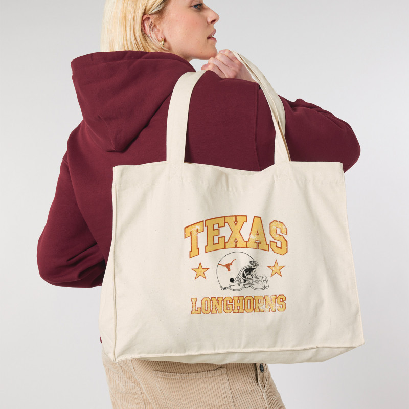 Grand Cabas Naturel de la marque American Universities. Un cadeau parfait pour Universités Americaines. Le motif Texas Longhorns Yellow est imprimé en France dans notre atelier à Toulouse sur un Grand Cabas de qualité très confortable 80% coton recyclé, 20% Polyester. Grand Cabas imprimé avec amour en France.
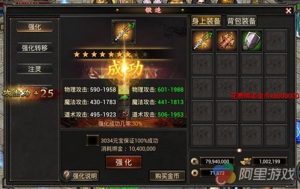 1.装备可以对其逐级强化,强化需使用绑金,每次强化有一定几率成功,也可使用元宝获得100%成功率
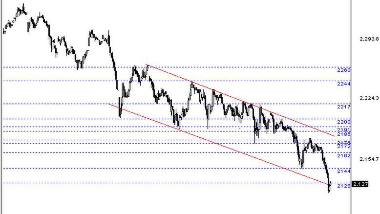 Wczorajsza sesja rozpoczęła się od spadku o 11 punktów. Spadki zostały pogłębione i kontrakt niedługo po otwarciu zanotował przedpołudniowe minimum na poziomie 2144. Po otwarciu kasowego nastąpiło odreagowanie, które pozwoliło na wzrost do poziomu 2176.
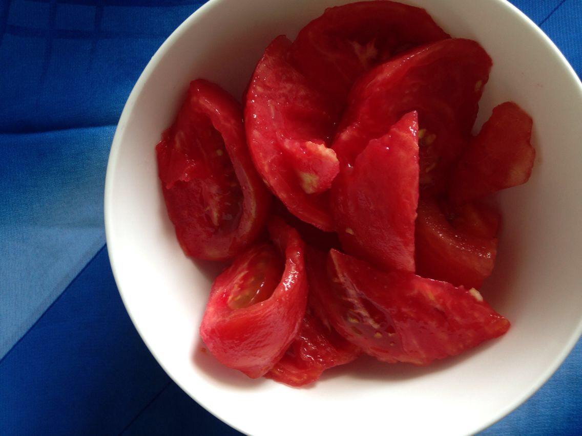 1)将西红柿去皮切块,黑木耳,黄花菜,香菇泡发洗净
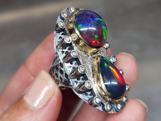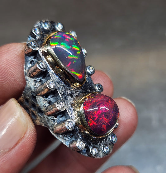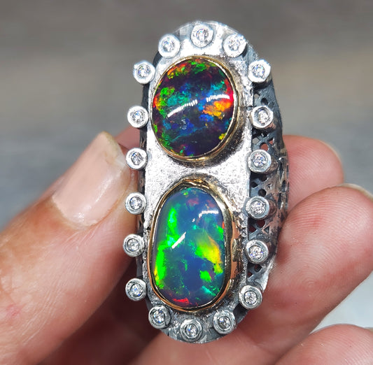 Opal & Moissanite Rustic Sterling Silver & Gold Ring #593
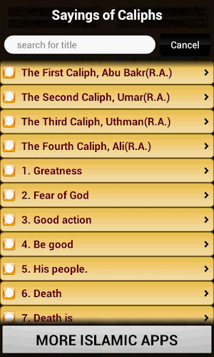 Analýza A Revize Aplikací Pro Android: Sayings of Caliphs (Islam), Vyvinuté Společností ImranQureshi.com. Uvedeno V Kategorii Knihy A Referenční Materiály. Aktuální Verze Je 1.3, Aktualizována Na 19/10/2017 . Podle Recenzí Uživatelů Na Google Play: Sayings of Caliphs (Islam). Dosaženo Více Než 50 Tisíc Instalací. Sayings of Caliphs (Islam) Má V Současné Době Recenze 229, Průměrné Hodnocení 4.4 Hvězd
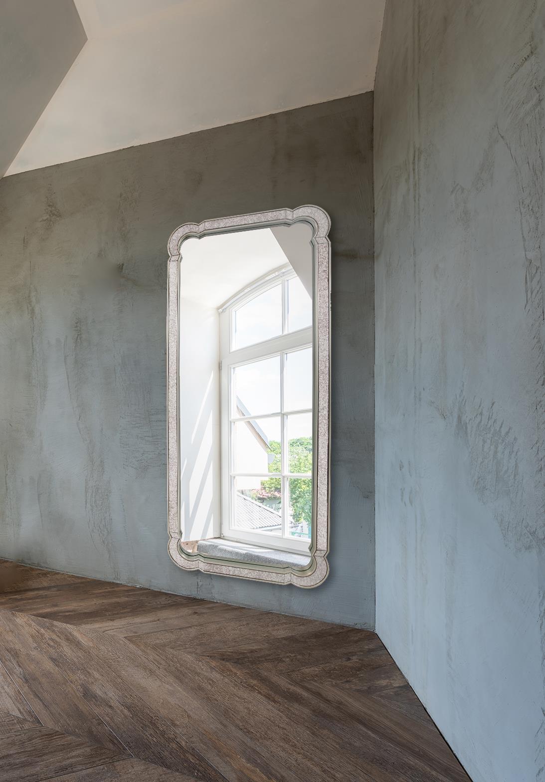 • Old-World Craft, Modern Scale: Exquisite silver leaf and antique mirror details meet a generously proportioned, contemporary shape.
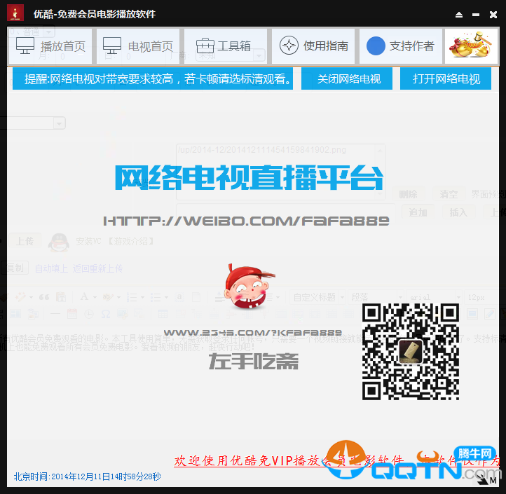 2、网络电视直播平台对带宽要求较高,若卡顿请选标清观看
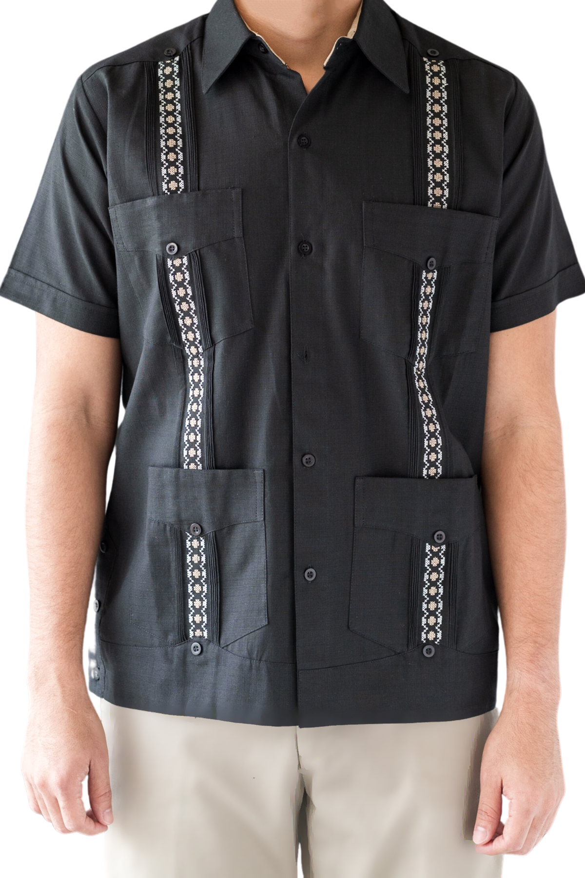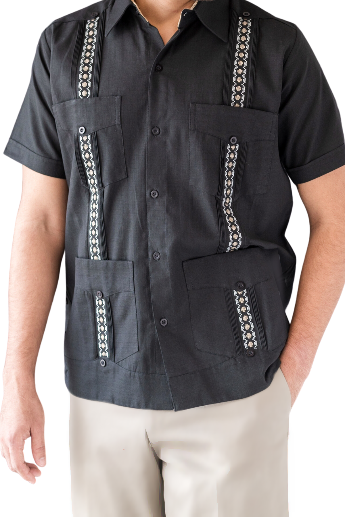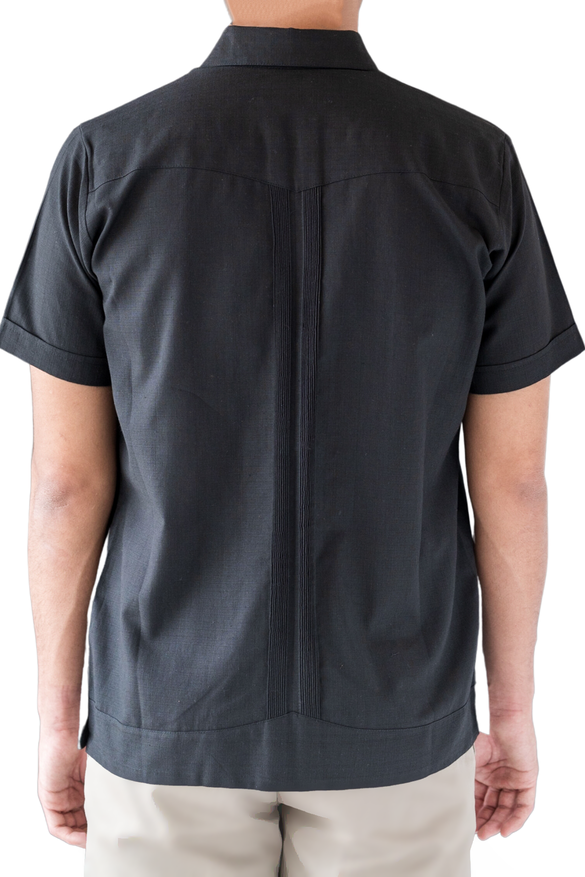 Guayabera tradicional negra con manga corta y bordado artesanal.
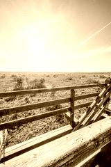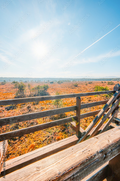 A wooden walking path Bor na Czerwonem nature reserve in Nowy Targ in Poland

########################################

◆ **Activity**
Every line of the data is to be transcribed exactly, and no picture is to be included.

◆ **Answer below**
 Grand Cabas Naturel de la marque American Universities. Un cadeau parfait pour Universités Americaines. Le motif Texas Longhorns Yellow est imprimé en France dans notre atelier à Toulouse sur un Grand Cabas de qualité très confortable 80% coton recyclé, 20% Polyester. Grand Cabas imprimé avec amour en France.
 1.装备可以对其逐级强化,强化需使用绑金,每次强化有一定几率成功,也可使用元宝获得100%成功率
 Wczorajsza sesja rozpoczęła się od spadku o 11 punktów. Spadki zostały pogłębione i kontrakt niedługo po otwarciu zanotował przedpołudniowe minimum na poziomie 2144. Po otwarciu kasowego nastąpiło odreagowanie, które pozwoliło na wzrost do poziomu 2176.
 1)将西红柿去皮切块,黑木耳,黄花菜,香菇泡发洗净
 Opal & Moissanite Rustic Sterling Silver & Gold Ring #593
 Analýza A Revize Aplikací Pro Android: Sayings of Caliphs (Islam), Vyvinuté Společností ImranQureshi.com. Uvedeno V Kategorii Knihy A Referenční Materiály. Aktuální Verze Je 1.3, Aktualizována Na 19/10/2017 . Podle Recenzí Uživatelů Na Google Play: Sayings of Caliphs (Islam). Dosaženo Více Než 50 Tisíc Instalací. Sayings of Caliphs (Islam) Má V Současné Době Recenze 229, Průměrné Hodnocení 4.4 Hvězd
 • Old-World Craft, Modern Scale: Exquisite silver leaf and antique mirror details meet a generously proportioned, contemporary shape.
 2、网络电视直播平台对带宽要求较高,若卡顿请选标清观看
 Guayabera tradicional negra con manga corta y bordado artesanal.
 A wooden walking path Bor na Czerwonem nature reserve in Nowy Targ in Poland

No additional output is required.